Search and research

February 9, 2009

Conference attendance generally leaves me with things to think about (that’d be a pretty positive outcome, I think).  Sometimes just disagreeing with people provides some clarity to one’s thinking and constructing a counter-argument helps you to think through your own ideas.

I was at a session on the “discovery layer” last week …  to be frank, I find that term objectionable to begin with, simply because it makes something relatively simple sound like it must involve a room full of NASA technicians.  In this case, the “discovery layer” is just library talk for a search interface that allows one to search through a number of databases simultaneously (so, you type something into a box, and a search is performed on, say, some journal indexes, some library catalogues, and some other stuff, but you never see all that and just get results).  You could call it “search” …

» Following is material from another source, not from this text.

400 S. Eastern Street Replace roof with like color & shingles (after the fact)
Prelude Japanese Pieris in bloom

But this is not where I was going.  One of the things that one has to think about when designing the “discovery layer” is what it’s going to look like.  Will it just be a single box like google, or do you want to add all kinds of extra search options to slice your results up in more way (like by material type, or publication date range, or any criteria you can think of)?  To be frank, this is not a difficult decision for most designers of search.  Generally, one attempts to make the search process uncomplicated and hopes that the results returned withh be relevant and reasonably comprehensive. So, at Amazon, I usually just type some word in the box provided and press “Go”, or whatever.  A bunch of results come back, they are pretty much always at least close to what I was looking for, and I go from there (clicking links of recommended things, etc).  I might choose to drop down a menu and specify that I am searching for a DVD or something like that, but for the most, that’s totally unnecessary.  I know that I’ll get close or right on with the search box, so that’s all I worry about.

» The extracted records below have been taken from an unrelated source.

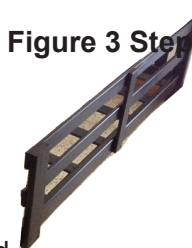
Figure 3 Step

Beds need a standard Twin or Full mattress.
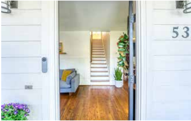
Welcome to 53 Lanning Avenue
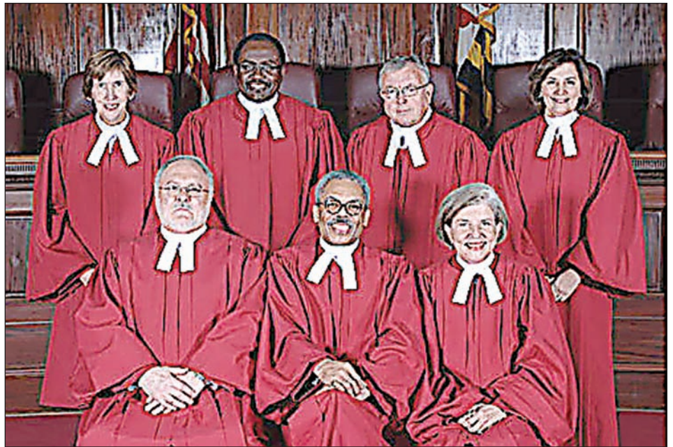
The Court of Appeals opens its new term on Wednesday.

His petition attracted the attention of University of Baltimore School of
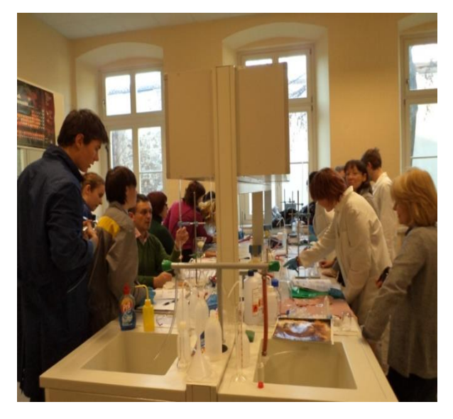
The investments have often been combined with HEIs funds
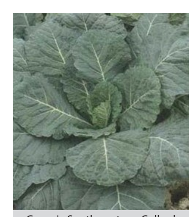
Georgia Southern-type Collard

On the smaller, kitchengarden scale, many common pests such as bean beetles, cabbage worms, and squash bugs can be controlled by hand-picking. Control is not 100% but can often be sufficient to produce a good, viable food crop.

Libraries are, and since the introduction of the computer-based catalogue have always been, different.  No simple search box awaits you here, and even if you do encounter one, you are expected to specify what index you wish to search through (title, author, etc).  Then we get even crazier when you enter “advanced” search and begin to offer you all kinds of things, like publication dates, formats, locations, etc etc etc.   Get in to a journal index (which is entirely, and securely, separate from the rest of our indexes, and things get even more complicated.  Librarians have proudly learned how to use all of these tools, and spend a great deal of time guiding people through them to get what we call “precise” and “comprehensive” results.  That means that ideally we come up with a search  result that contains almost entirely relevant material, as well as every single related thing that there is to find (that’s ideal … never happens, of course).

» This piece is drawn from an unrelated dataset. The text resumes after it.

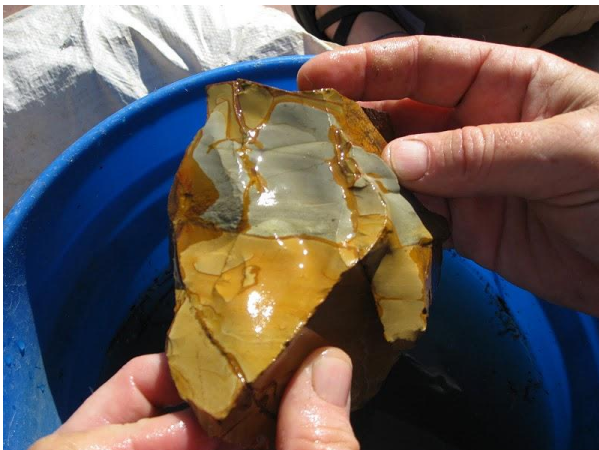
Picture jasper from the Wild

 This seemed to make a great deal of sense to me about 20 years ago when I first started learning online searching. At that time we’d dial up some place in California and pay a great deal of money to search a big mainframe there and get results.  We’d actually sit down and plan our search so as not to waste too much time online.  I quite seriously believe that this is why we worry so much now about being precise and comprehensive.  Somewhere in the back of our minds we believe that if we miss something, or spend too long searching, our online charge will be astonomical.  Of course, in the mean time the world has passed us by and we can search as long as we want  at our leisure and just find stuff. We can browse a few pages of Google results looking for that one perfect thing that will springboard us into the motherload of good stuff … but, I digress a whole lot.

Something happened at the “DiscoveryLayer” session that set me off on this tangent.  While discussing whether the mother of all search boxes should be just a simple box for putting words into, or a series of menus and choices of a hundred ways to slice the search, one of the classic librarian discussions suddenly reared its head. People started suggesting that if we offered a single search box with a really spiffy mechanism behind it to automatically come up with your results without you making choices, that we wouldn’t be offering the user “everything”. There seemed to be this idea implied that we’d be “dumbing it down” or something (if I misrepresent someone here, I’m sorry, but you should consider this is a somewhat fictional account).  For a moment, I went along with the idea that we should, indeed, offer all kinds of search options and ways of refining searches, and those searches should bring back “everything” and give people “control”.  Then I stopped to think about it and raised my hand.     

Me: “Excuse me, but research isn’t about finding everything.  That’s not really how it works at all … this idea of a single search that brings back every relevant item is not like the process of research as it is actually practiced. Research involves finding a few, or even one, good thing, then checking what that one thing references, and checking those sources … then branching out rapidly from there.  Literature is not made up of a colection of items connected by having common keywords … a literature is composed of a collection of items connected by common ideas and a community of thinkers who are influenced by each other’s works. It’s about following the network of citations, really.”

Crowd : (nodding)

Me:  (now all excited)  “So, what search should do is get your foot in the door, not hand you “everything” … Google works because it gets you some stuff, not everything … and yes, it’s very true that its precision and comprehensiveness are limited, but it does what people need it to do, and does it easily.”  And I might have added … “this whole business is summed up with the old nugget, “it’s about the finding, not the searching (stupid)””.   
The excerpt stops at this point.